Женя была охвачена общим торжественным чувством. Она увидела, как по щекам Крымова сбежали две слезы.
Ей как-то рассказали, что на одном ответственном совещании Крымов делал доклад, и его резко критиковали…
…она замечала, что те, кто звонил ему часто и запросто, звонили все реже, и когда он им звонил – секретари иногда отказывались его соединить.

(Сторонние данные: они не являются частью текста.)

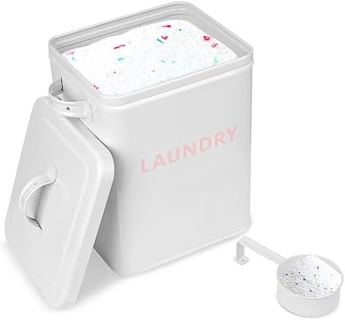 【Useful Metal Serving Scoop】It comes with a removable lid and a handy metal scoop, making it easier for you to transfer the detergent powder to your washing machine. Meanwhile, this scoop has a hooked top so you can hang it over the handles of the container. More convenient to use!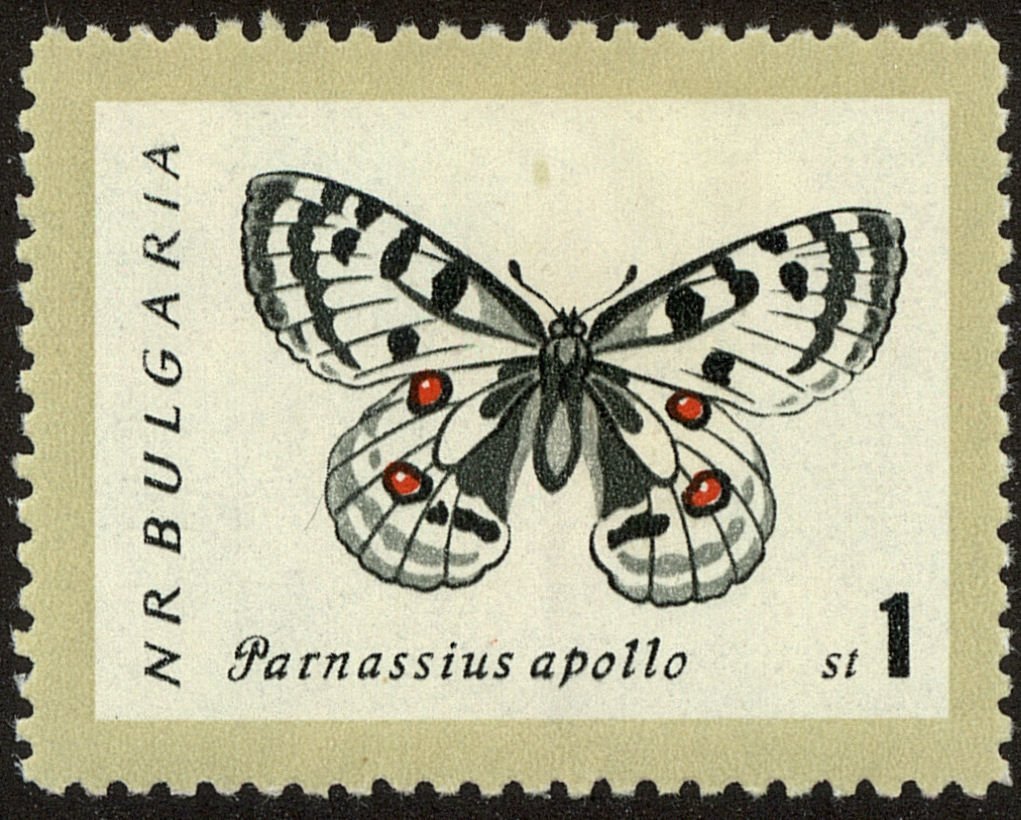 Visibility: public Image owner: none postage 9/13/1962 1s multi dt=butterflies (1962 Bulgaria) d=Parnassius apollo (1962 Bulgaria) unwmk perf=11 Crops No visible images cropped from this one. Measurements Resolution is unknown. Source Source name: Colnect File URL: http://i.colnect.net/b/4400/726/Apollo-Parnassius-apollo.jpg Uploaded January 23, 2019, 4:23 pm by Stan Shebs |

Все эти – и многие другие – подробности, всплывающие то в воспоминаниях самого Крымова, то его жены Жени, достаточно ясно рисуют не только облик этого человека, но и дают нам вполне ясное понятие обо всех сложностях, превратностях и перипетиях его судьбы. Совершенно очевидно, что Крымов – старый большевик, участник Гражданской войны, бывший коминтерновец, – случайно уцелевший осколок рухнувшего, вдребезги разбившегося мира. И так же очевидно, что он – обречен: война лишь оттянула, отдалила на время его неизбежный арест.
Все это заставляет нас следить за судьбой Крымова с искренним и острым сочувствием. И сочувствие это еще усиливается, обостряется тем, что знакомимся мы с Крымовым в самый драматический момент его жизни, когда его бросает горячо любимая им жена, Евгения Николаевна, Женя, – та самая, у которой когда-то от волнения холодели пальцы, когда на большом московском заводе он делал доклад и по огромному залу пробегал ветерок волнения.
По мере того как все ближе узнаем мы этого человека и открываются нам другие его черты, – бескорыстие, честность, благородство в отношениях с близкими, высокое сознание своего солдатского долга, – это наше сочувствие к нему растет все больше и больше. Но в какой-то момент этот сильный, незаурядный характер открывается нам другой своей стороной, и все это наше сочувствие вдруг гаснет. И даже не просто гаснет, а превращается в свою противоположность: в холодную, резкую антипатию.
Крымова посылают в «дом Грекова». (Это легендарный «дом Павлова», о котором написаны десятки военных очерков, статей, стихов). Посылают, чтобы он «по-партийному» разобрался с этой анархической вольницей, о которой говорят, что это – «не воинское подразделение, а какая-то Парижская коммуна».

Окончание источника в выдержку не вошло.